▶ _Goal of the exercise_
Can you print the data exactly and leave out each image?

▶ _Collected material_
• • • • • • •

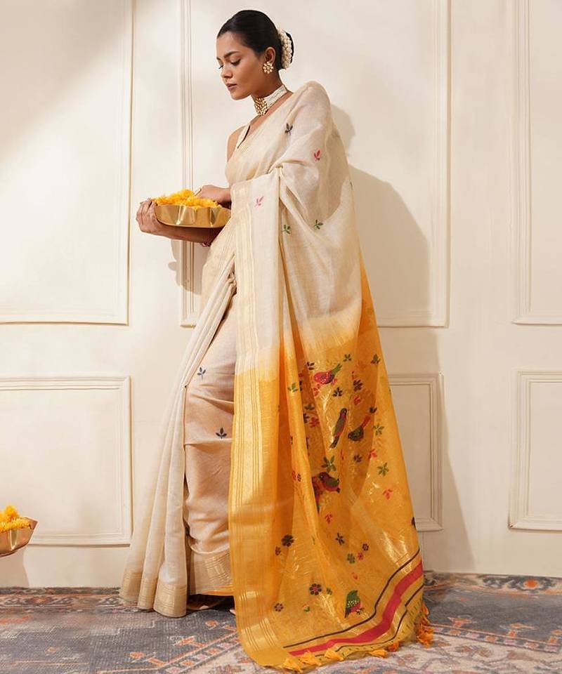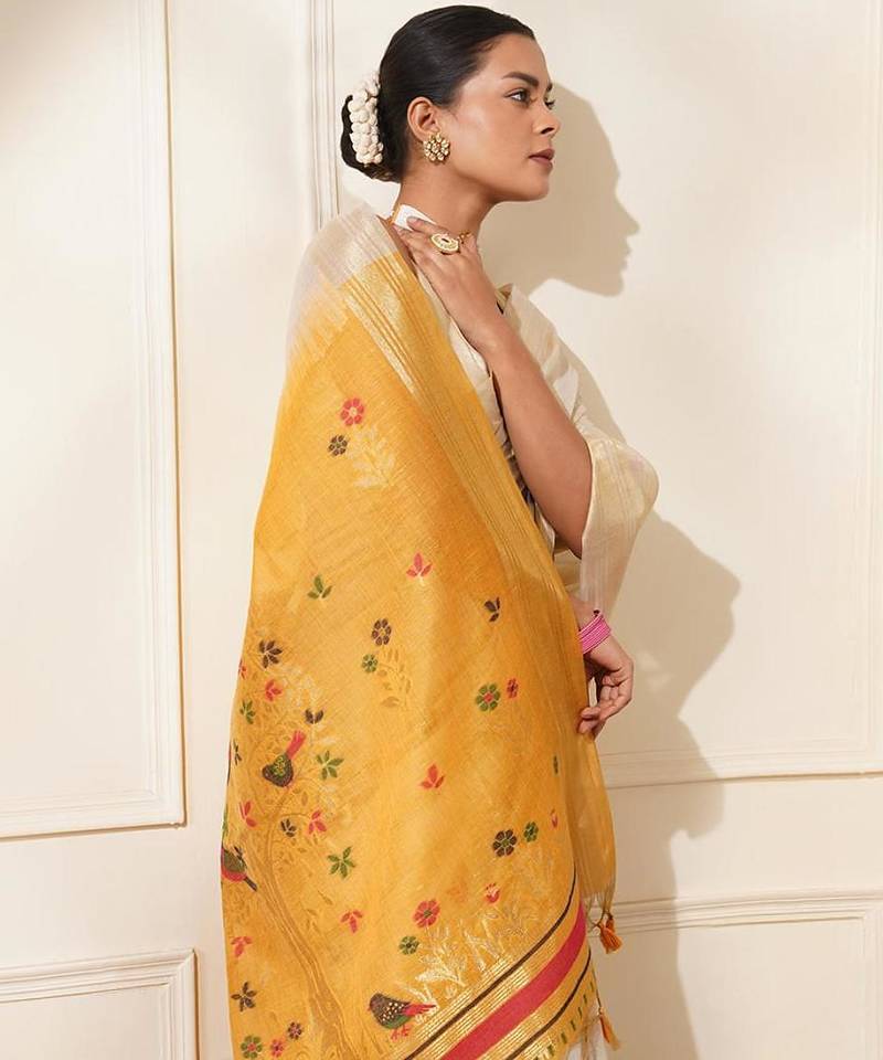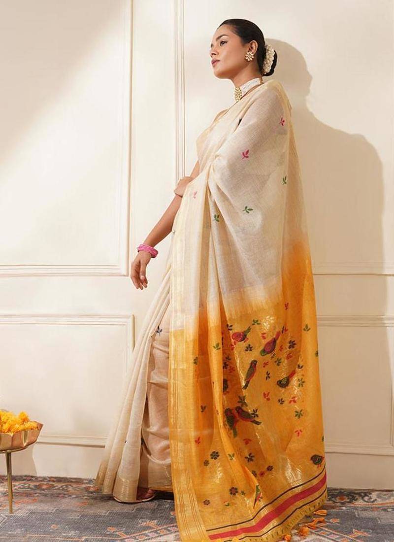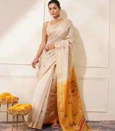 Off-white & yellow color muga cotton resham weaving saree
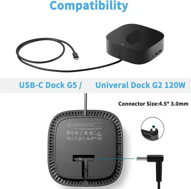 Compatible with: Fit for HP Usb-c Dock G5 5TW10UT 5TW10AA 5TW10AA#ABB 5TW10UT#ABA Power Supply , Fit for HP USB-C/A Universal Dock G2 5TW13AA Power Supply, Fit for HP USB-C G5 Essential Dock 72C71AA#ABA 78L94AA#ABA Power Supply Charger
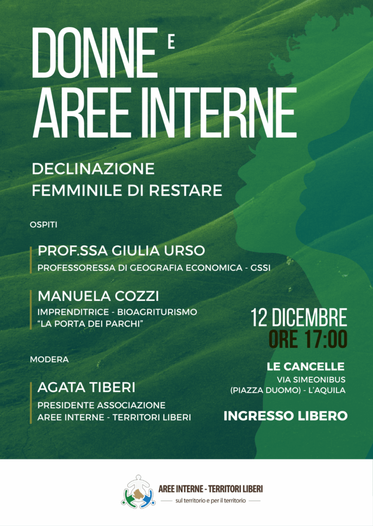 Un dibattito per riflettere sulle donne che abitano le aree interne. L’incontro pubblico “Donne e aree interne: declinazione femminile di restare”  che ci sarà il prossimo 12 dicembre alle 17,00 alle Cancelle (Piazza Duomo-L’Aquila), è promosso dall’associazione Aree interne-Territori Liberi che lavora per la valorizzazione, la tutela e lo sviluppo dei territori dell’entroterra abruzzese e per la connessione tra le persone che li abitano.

• • • • • • •

▶ _Your solution_
 Off-white & yellow color muga cotton resham weaving saree
 Compatible with: Fit for HP Usb-c Dock G5 5TW10UT 5TW10AA 5TW10AA#ABB 5TW10UT#ABA Power Supply , Fit for HP USB-C/A Universal Dock G2 5TW13AA Power Supply, Fit for HP USB-C G5 Essential Dock 72C71AA#ABA 78L94AA#ABA Power Supply Charger
 Un dibattito per riflettere sulle donne che abitano le aree interne. L’incontro pubblico “Donne e aree interne: declinazione femminile di restare”  che ci sarà il prossimo 12 dicembre alle 17,00 alle Cancelle (Piazza Duomo-L’Aquila), è promosso dall’associazione Aree interne-Territori Liberi che lavora per la valorizzazione, la tutela e lo sviluppo dei territori dell’entroterra abruzzese e per la connessione tra le persone che li abitano.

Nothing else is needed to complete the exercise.